Help me to keeping my sanity - feel I am cracking up!

43 replies

Bumblelion · 13/03/2002 10:08

I feel I really need help at the moment, but have no-one and no-where to turn to.

Brief history:-

Been married 10 years, had two children, I had an affair (big mistake), husband found out, decided to make a go of things, had third baby (which I always wanted), husband now tells me he cannot forgive me and it is all over.

Brief recent history:-

Baby born October, husband tells me New Years Eve he cannot forgive me and is leaving me. One week later, he changes his mind and says we will try and make a go of things. The day after my son's 5th birthday (night before Valentines Day) he then tells me we are finished, over, going our separate ways, etc.

To be honest, I did feel quite relieved to start with - at least I now knew where I stood but it seems that as the days pass (it has been about 4 weeks now) I am getting more and more low and finding it harder to deal with.

The things he says to me break my heart. I do still love him and the affair was just one BIG mistake of my life and I am now paying for it in that I am losing all that I ever wanted.

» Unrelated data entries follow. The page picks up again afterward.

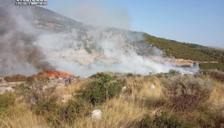 Η πυρκαγιά εντοπίστηκε στη χωματερή του Λυγουριού η οποία δεν είναι πρώτη φορά που αναφλέγεται.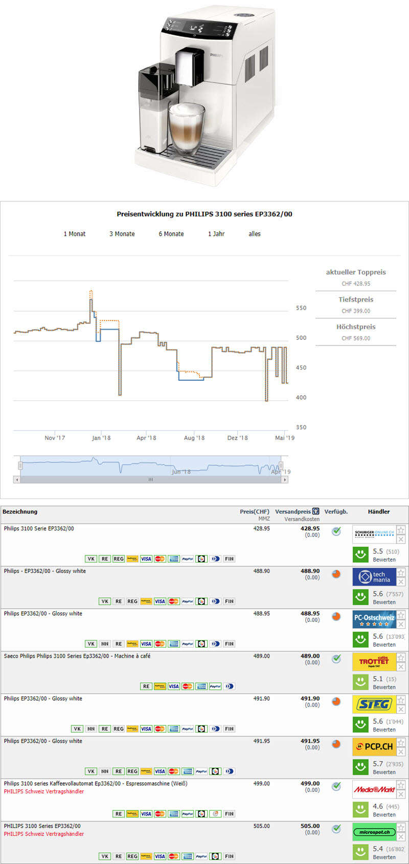 Bei Nettoshop gibt es bis und mit 21.5.2019 den Philips 3100 Serie EP3362/00 Kaffeemaschine Vollautomat (weiss) zum Bestpreis von CHF 379.- wenn man beim Checkout den CHF 20.- Rabattcode WIN1903-20 verwendet.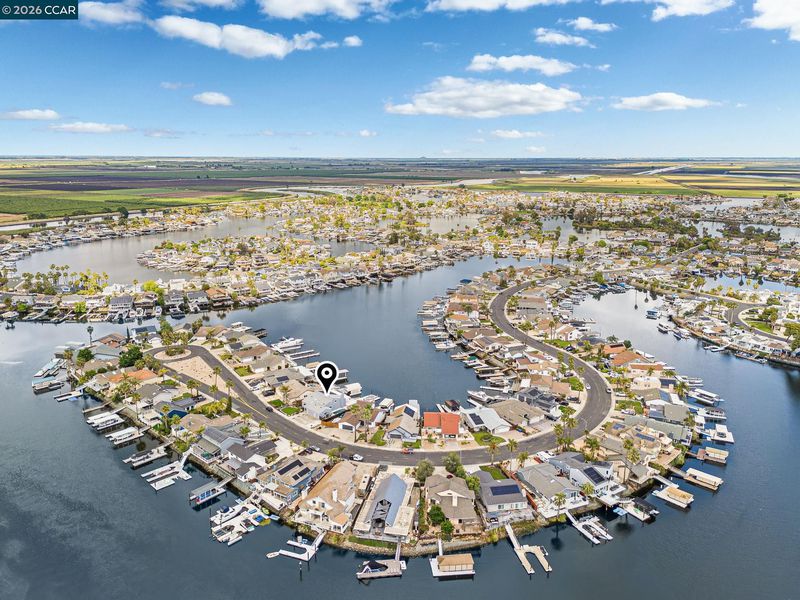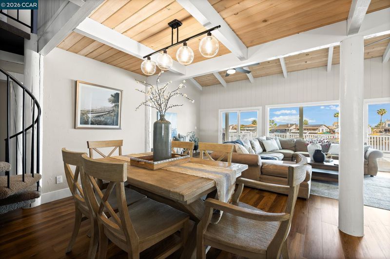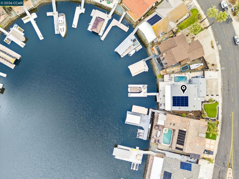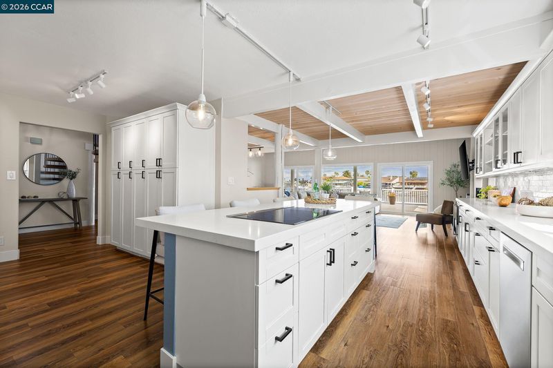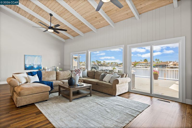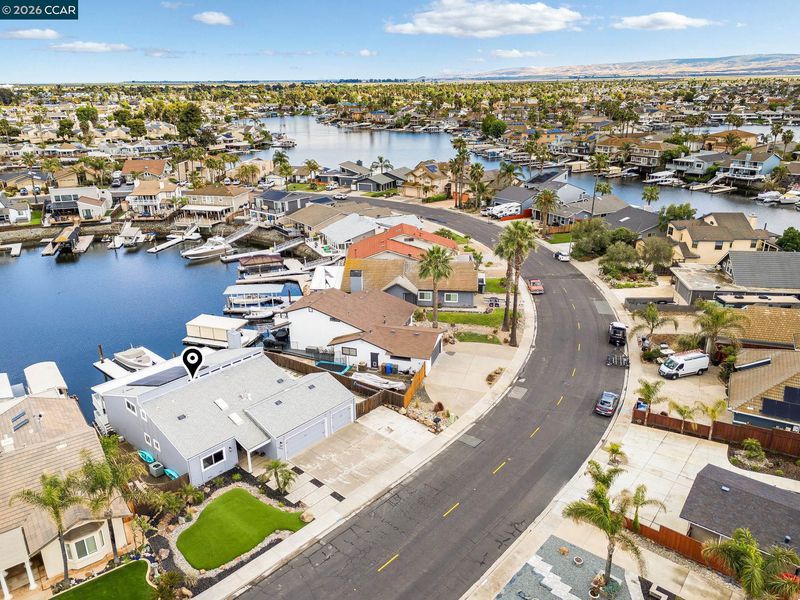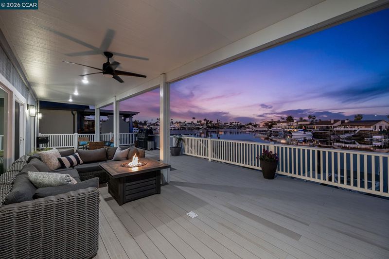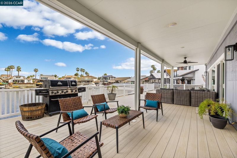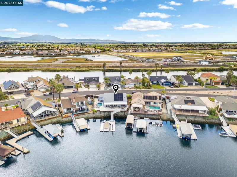 Waterfront home with a private boat dock, wide water views & quick access to fast water, paired with a rare in ground pool & extensive interior updates. Set within Cabrillo Bay on a wider section of the water with open sightlines & a desirable east facing rear exposure, this home captures the Discovery Bay lifestyle at its best. The main living areas are oriented to the view, with vaulted ceilings, exposed wood detail & expansive windows that bring in natural light. Multiple sliding doors open to a covered waterfront deck, creating a seamless indoor outdoor connection. The remodeled kitchen features shaker style cabinetry, quartz countertops, a large island with seating, double ovens, dual dishwashers, a beverage fridge & upgraded appliances, thoughtfully designed for both daily use & hosting. The main level includes the primary suite with direct access to the waterfront deck, a walk in closet & an ensuite bath, along with a second bedroom & full bath for added flexibility. The upper level offers a private retreat with an additional bedroom, full bath, loft or game area & finished attic space ideal for office, media or extended stays. Updated flooring, newer windows & modern lighting create a consistent, modern finish across the home. Outdoor living is where the property truly stands apart. The covered deck overlooks the water & connects directly to a private dock accommodating up to a 28.5 ft boat, making it easy to head out for a day on the Delta. A separate side yard features a newer in ground pool, creating distinct spaces to relax, entertain & enjoy the setting. Located in Discovery Bay, known for its waterfront lifestyle, boating & Delta access, the home is just minutes from the marina, yacht club, golf, local dining & Discovery Bay Elementary, offering a balance of recreation & everyday convenience. Owned solar with a grandfathered net metering plan & a 3 car garage with finished flooring add efficiency & functionality. A rare combination of water location, usable outdoor space, pool & thoughtful updates.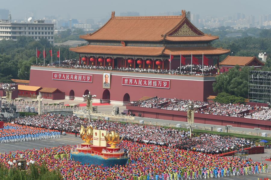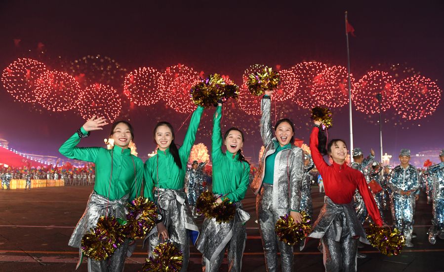 People take part in a mass pageantry celebrating the 70th anniversary of the founding of the People's Republic of China (PRC) in Beijing, capital of China, Oct. 1, 2019. (Xinhua/Song Weiwei)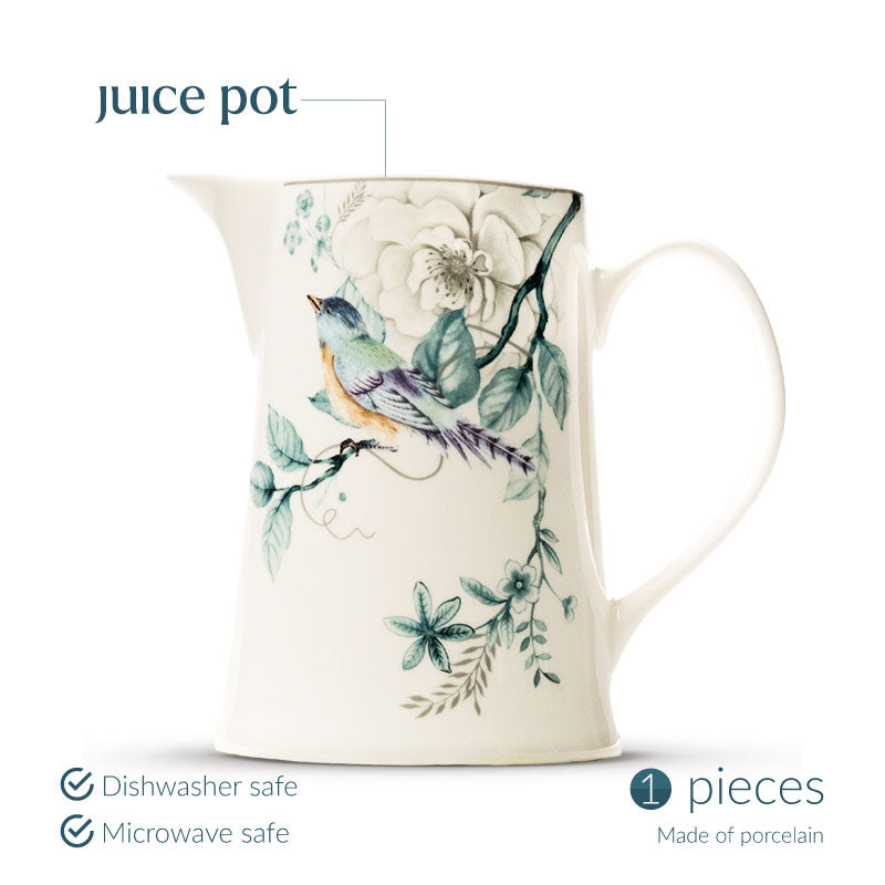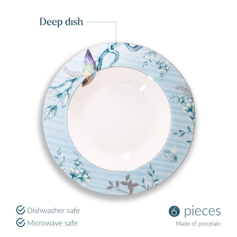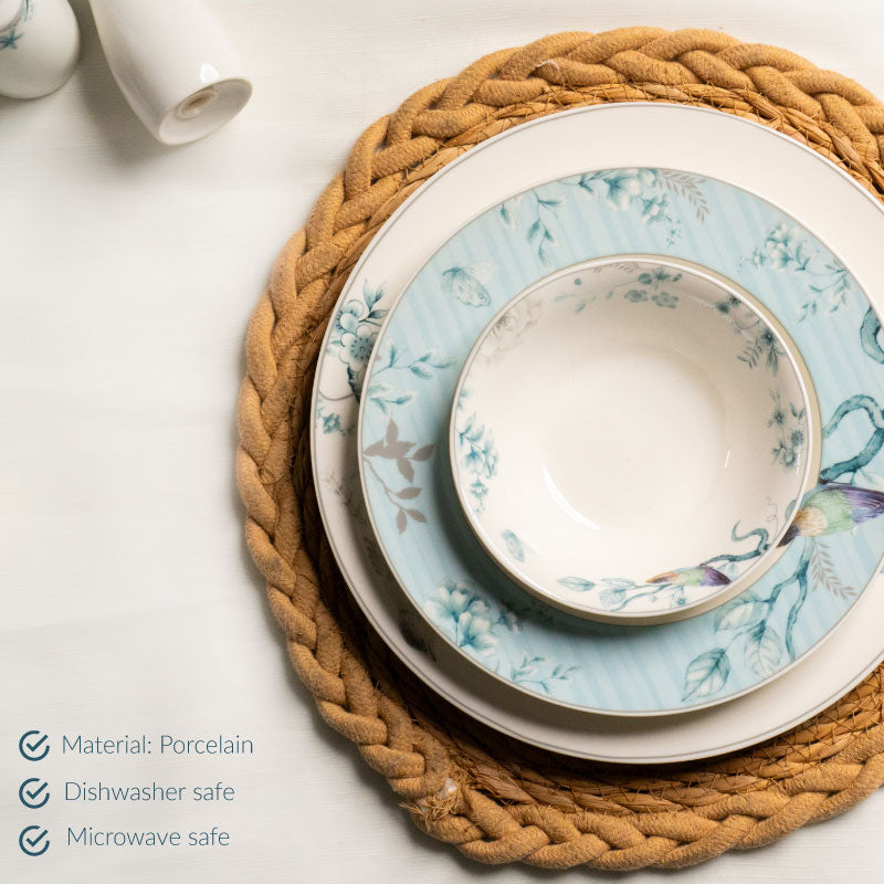 ٣٨ قطعة بتصميم هادئ مستوحى من الطبيعة، يجمع بين التفاصيل الرقيقة واللمسات الفنية الراقية، مصنوع من خامات البورسلين الفاخرة، وآمن للاستخدام في غسالة الأطباق والميكروويف، ليمنحك تجربة يومية تنبض بالأناق

All I ever wanted was a happy marriage, children, nice home, nice life. etc. I have three lovely children, nice home, but no marriage and not a very nice life.

He told me that it was me that wanted to move to a bigger house, it was me that wanted a third baby (although he says he wouldn't be without the baby) and I told him that I hadn't realised I had to make a choice, i.e. old house, two children, husband - or bigger house, three children, no husband.

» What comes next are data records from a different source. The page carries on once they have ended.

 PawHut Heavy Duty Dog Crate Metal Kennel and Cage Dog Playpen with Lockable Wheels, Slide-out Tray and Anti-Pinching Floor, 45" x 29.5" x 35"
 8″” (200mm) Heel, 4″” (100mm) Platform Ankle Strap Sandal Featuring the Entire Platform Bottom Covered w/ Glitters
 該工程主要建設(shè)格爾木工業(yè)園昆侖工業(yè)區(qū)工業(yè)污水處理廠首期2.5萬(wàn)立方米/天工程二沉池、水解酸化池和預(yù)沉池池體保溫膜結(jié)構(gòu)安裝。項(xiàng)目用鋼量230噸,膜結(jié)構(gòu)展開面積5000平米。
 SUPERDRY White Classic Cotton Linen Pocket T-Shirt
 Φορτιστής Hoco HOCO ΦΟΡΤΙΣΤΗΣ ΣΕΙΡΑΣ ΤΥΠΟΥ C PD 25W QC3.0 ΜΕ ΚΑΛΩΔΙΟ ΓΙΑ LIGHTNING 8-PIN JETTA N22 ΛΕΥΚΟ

He hasn't moved out (and won't move out) but at the moment that isn't a problem for me. He has moved into the loft and I am still in our bed.

Saturday night he went out with a girl from work (who he knows I have a bit of a "jealousy problem" with) and since then I have been feeling very very "low".

I try to carry on as normal for the childrens' sake but am finding myself crying whenever they are in bed at night (or when the elder two are at school/nursery and the baby is asleep during the day).

I work part-time and am finding it a bit of a relief to come into work and be "normal" doing my normal work activities.

I feel like my heart has been ripped out and trampled on. I can't eat (yesterday all day, all I had was 2 slices of pork - no breakfast, no lunch and just the pork for dinner - no veg.). I am sleeping (I think I am so emotionally drained that when I get into bed I immediately fall asleep).

I know we could not have gone on the way we were - he was very, very horrible to me (understandably considering what I have done to him over the affair) but I don't want us to be apart. I think I am hoping that we will eventually end up back together again although I think, deep down, I know I am kidding myself.

I feel if anyone comes up to me and asks how I am I am just going to start crying and it is all going to come out - which won't be very good in a responsible office situation.

I would say that, most of the time, since he has decided we are finished, he has been nicer to me but that doesn't help my feelings. We talk - not just about mundane "what did you do at work today?" type things, but real indeep conversations.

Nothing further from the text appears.